Há uma expressão muito minha,
muito íntima, que não verbalizo nunca, mas constato e penso, em algumas raras
vezes nesta vida: estou secretamente
feliz! Duvido que o que chamo de
felicidade seja ela mesmo, a tal Felicidade prometida só mesmo nos paraísos,
nos Edens da vida. Mas consideremos a nossa idealização de felicidade mais próxima
da realidade terrena. É dela que falo.
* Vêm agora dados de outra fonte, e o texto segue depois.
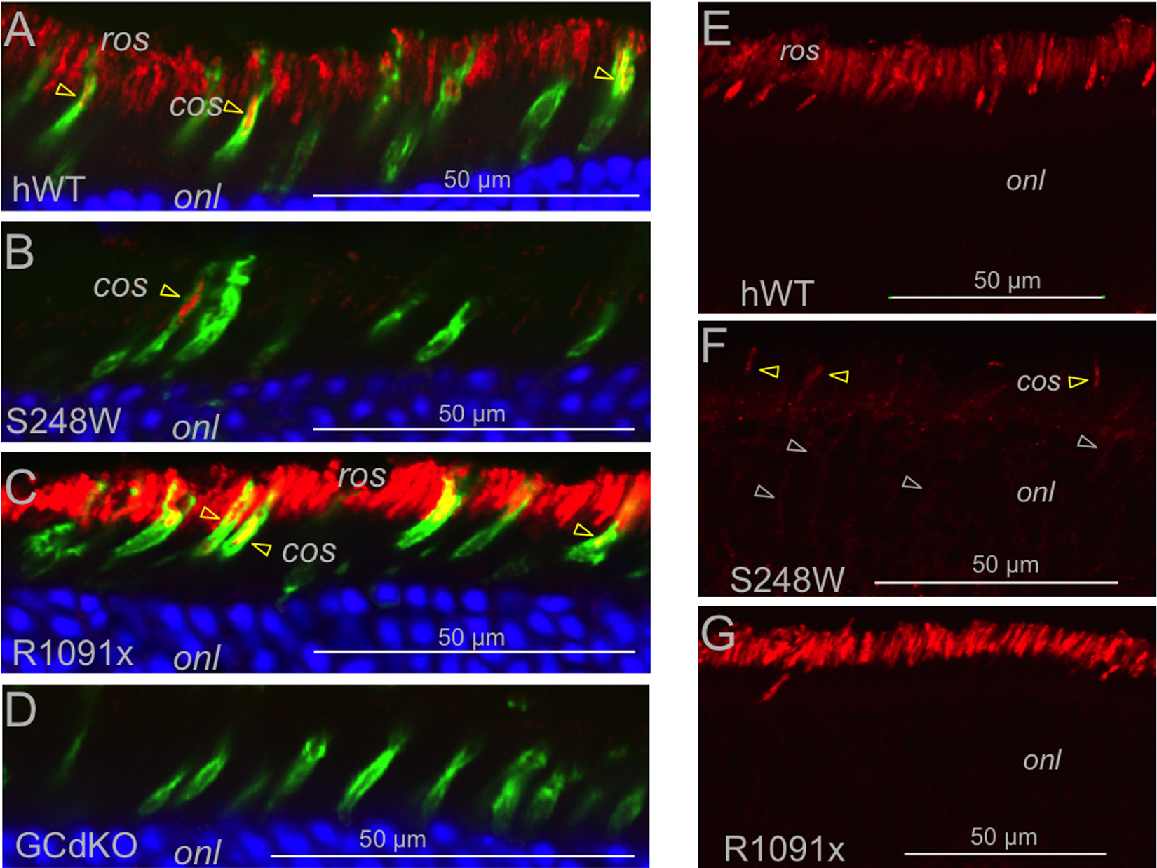 In all panels, the anti-RetGC1 fluorescence was recorded in the same experiment using identical laser settings. E–G: RetGC1 immunostaining in wild-type (E), S248W (F), and R1091x (G) GUCY2D-expressing retinas shown at lower magnification. Note the faint S248W GUCY2D immunofluorescence in the photoreceptor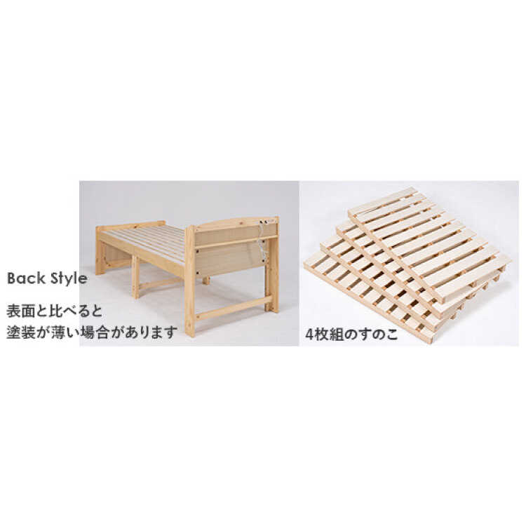 床板は通気性の良いすのこ仕様。汗や湿気を逃がして、布団やマットレスを清潔に保ちます。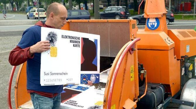 Viele Ärzte wollen sie nicht: Bei einer Aktion der Freien Ärzteschaft werden überdimensionale Gesundheitskarten geschreddert.Foto: Peter Steffen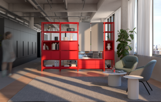 The 40 m2 has a central black box in the middle that creates 5 different areas; every single side is part of a particular area in the Shelter. The sliding doors in the corners create more space and the different areas can be totally divided. Thanks to the extra module on top we have more incoming light from above for the entrance. The left part of the box works as a kitchen and a relaxing zone, the back of the box has a shower and a sink next to the window. Next to the bathroom we have the big bed and the jacuzzi. The extra module on top is another bedroom that you can also easily turn into a relaxing mediation zone.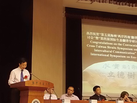 大会开幕式上,校党委副书记谢守成、外语学院院长廖美珍教授,国际生态翻译学研究会胡庚申会长、国际翻译与跨文化研究Juliane House会长、中国译协金莉副会长、台湾译协廖柏森理事长、香港译协陈德鸿会长、澳门译协毛思慧会长分别致辞,台湾译协向胡庚申教授颁发终身荣誉会员证书,胡庚申会长也向华中师范大学赠送礼品。 在随后举行的大会发言活动中,外语学院英语系主任华先发教授主持了会议,Douglas Robinson教授、毛思慧教授、杨承淑教授、熊兵教授、陈德鸿教授等国内外专家围绕“翻译与跨文化交流:共生与互动”和“生态翻译学: 范式与方法”两大主题分别做了专题发言,引起与会代表的热烈反响。

É ela que já me visitou algumas poucas
vezes, sem que eu tenha feito alarde e anunciado aos quatro cantos do mundo.
Começo falando dessa “felicidade
secreta” para deixar claro que não faço apologia à tristeza. Muito menos à
felicidade. Mas não posso deixar de lembrar que vivemos a era da ditadura da
felicidade. A felicidade virou um produto e a maioria vê-se na obrigação de
consumi-la. Acontece que a obrigação de ser feliz vem nos tornando secretamente
e cada vez mais infelizes. Patologizaram a tristeza. É vergonhoso e humilhante
não estar feliz. Bonita parece ser a alegria pré-fabricada, intensificada pelo
rivotril, que ajuda a evitar a humilhação de não poder sorrir. E nem se fala na
existência de uma felicidade calma, reservada, secreta, sem glitter
Acontece que ela existe. Em dose
terráquea, sem os esplendores do Paraíso, mas com a suavidade e o bem-estar
proporcionados por pequenos e significativos momentos de nossa vida. Quando
aprendemos a olhar com embriaguês, com poesia, para a vida e seus mistérios,
podemos ser arrebatados momentaneamente. Um pôr-do-sol, uma música, um livro,
um abraço, o vento, o mar e tantas e tantas coisas “insignificantes” sob a ótica
capitalista do consumo. Porque é preciso “comprar” felicidade. E ela deve ser
luminosa, exuberante, estrondosa, felicidade com glitter.
Entre os tantos benefícios
proporcionados pela Arteterapia, a possibilidade de encontros legítimos com a
felicidade. O fazer artístico com fins terapêuticos proporciona encontros
essenciais, fundamentais com a Alma, E cria espaço para uma felicidade que nos ilumina de dentro da fora, sem néon, sem brilhos extravagantes, sem glitter.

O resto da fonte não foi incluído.